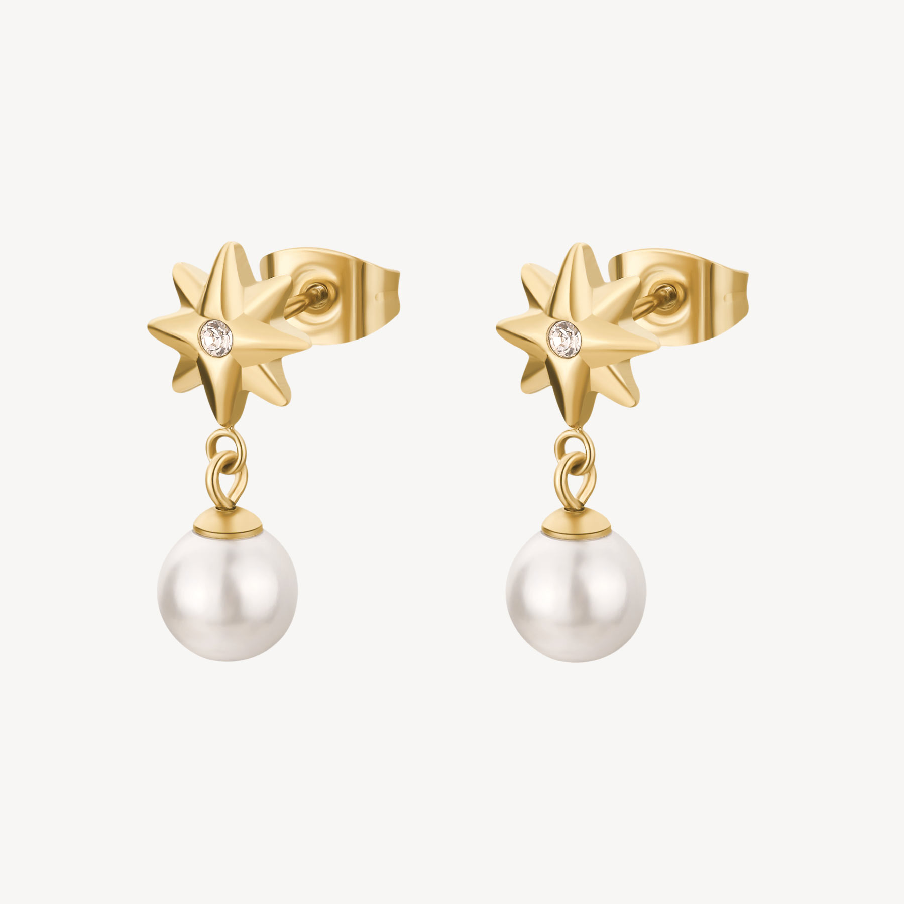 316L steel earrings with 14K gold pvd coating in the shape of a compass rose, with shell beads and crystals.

==

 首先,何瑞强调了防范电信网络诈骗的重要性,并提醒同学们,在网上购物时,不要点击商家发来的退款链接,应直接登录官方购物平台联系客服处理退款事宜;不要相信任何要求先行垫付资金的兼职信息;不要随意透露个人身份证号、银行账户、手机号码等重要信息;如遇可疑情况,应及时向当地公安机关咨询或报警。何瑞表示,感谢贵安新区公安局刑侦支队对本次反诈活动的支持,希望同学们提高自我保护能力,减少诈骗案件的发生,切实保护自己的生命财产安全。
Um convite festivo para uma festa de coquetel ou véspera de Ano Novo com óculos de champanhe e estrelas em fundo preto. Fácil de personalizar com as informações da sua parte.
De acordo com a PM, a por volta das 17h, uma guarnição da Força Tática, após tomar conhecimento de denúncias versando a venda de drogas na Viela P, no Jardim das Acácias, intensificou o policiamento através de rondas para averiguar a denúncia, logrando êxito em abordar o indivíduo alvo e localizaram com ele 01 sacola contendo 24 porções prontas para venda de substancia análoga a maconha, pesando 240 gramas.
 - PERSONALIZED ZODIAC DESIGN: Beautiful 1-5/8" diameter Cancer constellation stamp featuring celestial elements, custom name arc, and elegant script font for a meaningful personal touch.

--

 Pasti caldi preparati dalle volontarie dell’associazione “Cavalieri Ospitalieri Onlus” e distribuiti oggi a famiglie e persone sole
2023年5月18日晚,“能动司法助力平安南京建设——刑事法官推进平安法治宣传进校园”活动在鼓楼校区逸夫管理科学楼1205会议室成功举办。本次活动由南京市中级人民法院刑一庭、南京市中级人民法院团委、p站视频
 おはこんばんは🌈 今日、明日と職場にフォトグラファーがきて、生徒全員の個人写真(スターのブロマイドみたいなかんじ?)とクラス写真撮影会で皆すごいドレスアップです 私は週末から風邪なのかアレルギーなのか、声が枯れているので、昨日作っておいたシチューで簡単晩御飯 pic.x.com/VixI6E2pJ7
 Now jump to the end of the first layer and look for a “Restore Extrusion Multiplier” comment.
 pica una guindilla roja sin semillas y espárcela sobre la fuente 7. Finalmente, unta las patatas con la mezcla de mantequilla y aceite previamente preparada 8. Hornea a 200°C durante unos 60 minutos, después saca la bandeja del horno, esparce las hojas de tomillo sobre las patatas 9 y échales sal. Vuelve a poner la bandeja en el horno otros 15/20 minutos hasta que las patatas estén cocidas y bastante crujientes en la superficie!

Try it -> Using only the entries above, output the line with "Pasti caldi preparati", the line with "pica una guindilla", and all lines between them, exactly as they stand.

Exercise result ->
 Pasti caldi preparati dalle volontarie dell’associazione “Cavalieri Ospitalieri Onlus” e distribuiti oggi a famiglie e persone sole
2023年5月18日晚,“能动司法助力平安南京建设——刑事法官推进平安法治宣传进校园”活动在鼓楼校区逸夫管理科学楼1205会议室成功举办。本次活动由南京市中级人民法院刑一庭、南京市中级人民法院团委、p站视频
 おはこんばんは🌈 今日、明日と職場にフォトグラファーがきて、生徒全員の個人写真(スターのブロマイドみたいなかんじ?)とクラス写真撮影会で皆すごいドレスアップです 私は週末から風邪なのかアレルギーなのか、声が枯れているので、昨日作っておいたシチューで簡単晩御飯 pic.x.com/VixI6E2pJ7
 Now jump to the end of the first layer and look for a “Restore Extrusion Multiplier” comment.
 pica una guindilla roja sin semillas y espárcela sobre la fuente 7. Finalmente, unta las patatas con la mezcla de mantequilla y aceite previamente preparada 8. Hornea a 200°C durante unos 60 minutos, después saca la bandeja del horno, esparce las hojas de tomillo sobre las patatas 9 y échales sal. Vuelve a poner la bandeja en el horno otros 15/20 minutos hasta que las patatas estén cocidas y bastante crujientes en la superficie!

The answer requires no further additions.